• Home
  • AI Transformation
  • Product Development
  • Case Studies
  • Blog
  • Careers
  • Build Team with Scrum AI

DeepSeek: A Groundbreaking Leap in AI Development or China's Dark Horse?

While AI skeptics continue to speculate that AI will never become truly conscious and can merely follow patterns set by human creators, a Chinese startup DeepSeek has appeared out of nowhere and taken the tech world by storm with its new revolutionary AI model. Their DeepSeek-R1 not just rivals leading AI heavyweights from US companies such as Google and OpenAI but even surpasses them.

DeepSeek first made headlines only a week ago, and within that short time, the DeepSeek app has overtaken ChatGPT in downloads across App Stores in Australia, Canada, China, Singapore, US and UK. As the app is completely free for now, it will continue to attract more and more users. It has also quickly climbed to the top of downloads on the Hugging Face developer platform as they rush to test it and understand what this release can give to their AI projects.

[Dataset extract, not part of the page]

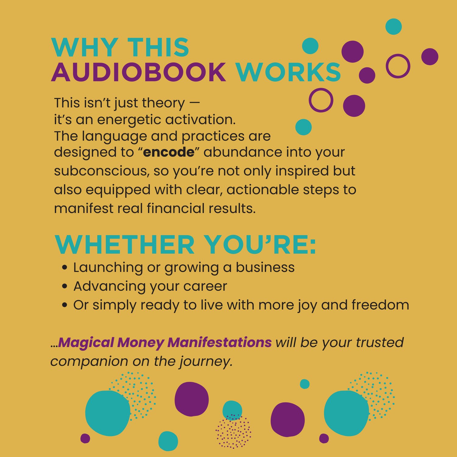 Magical Money Manifestations is not just an audiobook; it's your companion in the journey toward financial freedom and a joyous life. Unlock your potential and start manifesting the wealth and happiness you deserve.
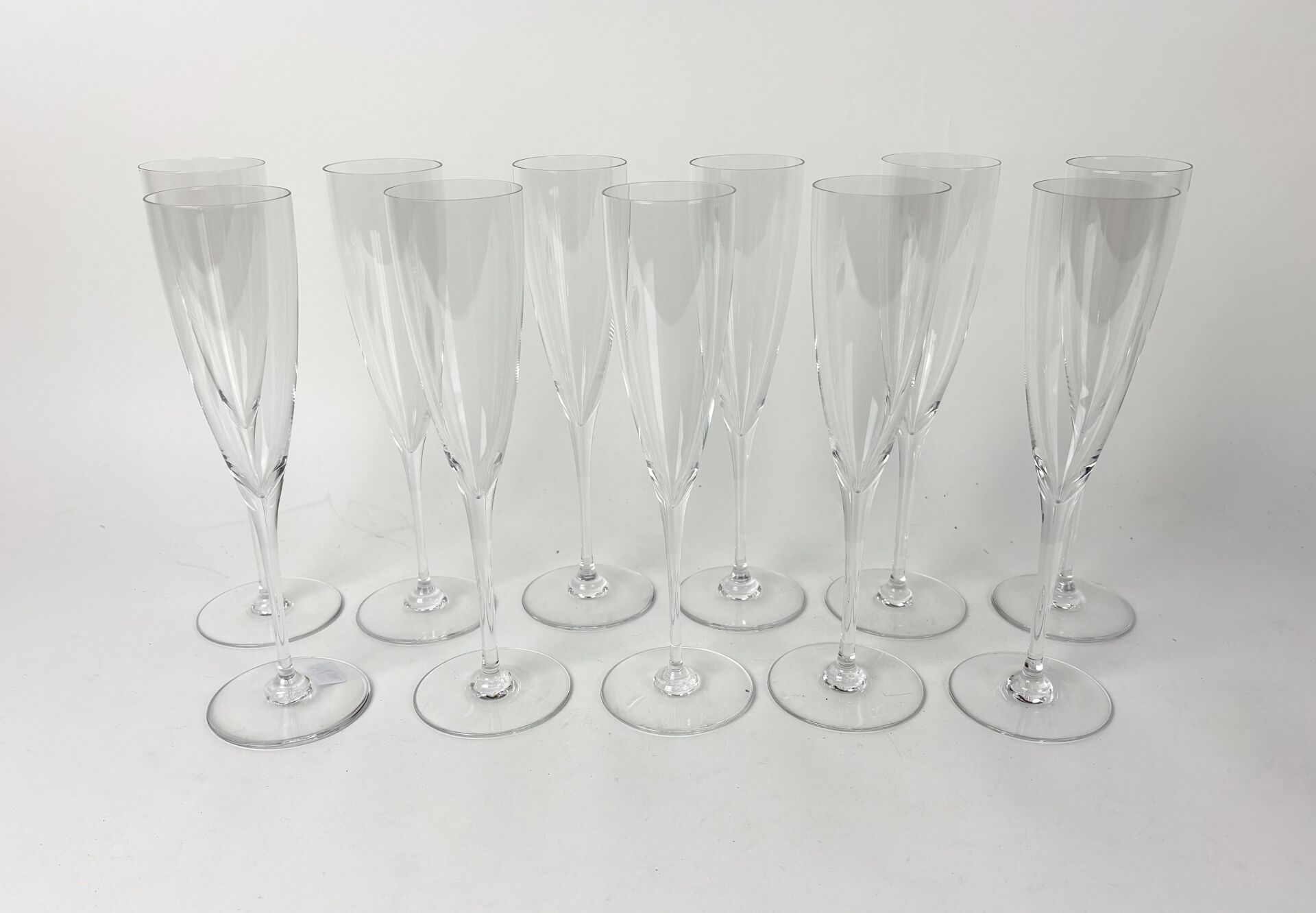 BACCARAT Suite de 11 flutes à champagne en cristal

Now, it seems that everyone is talking about DeepSeek. 

So where did DeepSeek come from, who is behind this startup, what makes it special, and why has it shaken the global tech stock markets? We will try to answer these and some other questions in this blog.

Where did DeepSeek come from?

The story begins not in Silicon Valley, but in China, in the world of finance. Chinese hedge fund High-Flyer, founded in 2015 by entrepreneur Liang Wenfeng, made its fortune by using AI and algorithms to identify patterns that could affect stock prices. Liang bought Nvidia GPUs before the US banned their export to China and used them to analyze financial data. Experts believe this was a key factor in the launch of DeepSeek, as the company used these chips in combination with cheaper and lower-quality ones that could still be imported.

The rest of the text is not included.